CEO of the National Irrigators’ Council(NIC), Steve Whan, says agreement from States to changing the power market’s “Limited Merits Review (LMR) process would be a positive first step toward reforming the industry to focus more on serving consumers and less on generating guaranteed super profits for network operators.
Steve Whan said “unsustainably high electricity prices are compromising the international competitiveness of Australian agriculture. NIC has advocated several policy responses including an affordable and sustainable electricity price of 8 cents per kilowatt – hour for the electrons and 8 cents per kilowatt – hour for the network.
“One of the steps toward reform is changing the LMR. In theory LMR allows parties affected by Australian Energy Regulator (AER) decisions to have the decisions reviewed by the Competition Tribunal.
“Unfortunately, the process fails to allow effective challenge by consumers. The process is inaccessible and costly, meaning it is stacked in favour of network operators who can afford to fund a massive legal team and recover the cost from consumers.
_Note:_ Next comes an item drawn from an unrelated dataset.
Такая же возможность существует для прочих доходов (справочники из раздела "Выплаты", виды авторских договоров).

“Reforming the process, as suggested by the Federal Government, would be a good first step – particularly if it results in an appeals process that is genuinely accessible.”
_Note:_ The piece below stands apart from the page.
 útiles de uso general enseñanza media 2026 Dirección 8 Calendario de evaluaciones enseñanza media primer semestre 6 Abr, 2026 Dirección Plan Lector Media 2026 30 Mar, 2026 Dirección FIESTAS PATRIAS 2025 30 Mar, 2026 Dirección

However, the NIC said, reform needs to go further and thoroughly review the governance structures of Australia’s regulatory oversight framework to ensure it is working efficiently and effectively for the long – term benefit of the Australian economy.
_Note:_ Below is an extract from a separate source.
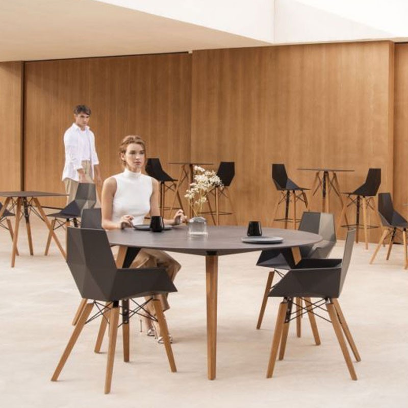 Confortável e ultra badalada, a cadeira Faz Wood projetada por Ramon Esteve para a prestigiada marca vondom, combina a modernidade do design "origami" e a sobriedade quente dos pés de carvalho. Assim dotada de uma personalidade forte, a cadeira Faz Wood traz um toque único e de alta tecnologia à sua decoração de interiores.
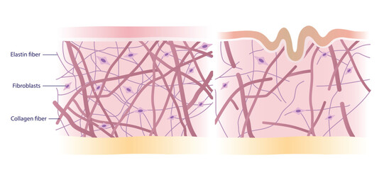 Pink serum or collagen drop and absorb to skin cell. reduce wrinkle and revitalize skin's elasticity concept. 3D rendering.

This week we saw a decision from the AER endorsing tariff proposals from Ergon energy in Queensland. The regulator went along with the proposed 10 hour peak period despite being presented with independent evidence by Canegrowers that Ergon had made errors in its pricing calculations.
Steve Whan said “Canegrowers in Queensland went to significant effort and expense to challenge the Ergon tariff proposal and, while their input was acknowledged by AER, the AER could not act. The AER simply assesses whether Ergon’s proposal complies with the rules. It does not have the ability of deciding between the Ergon and Canegrowers proposals. As a “toothless tiger” it cannot improve Ergon’s proposal
“With the LMR the way it is, it would be likely to be an expensive waste of time to attempt any further appeal and that illustrates a system that is stacked against consumers like those in the irrigation sector.”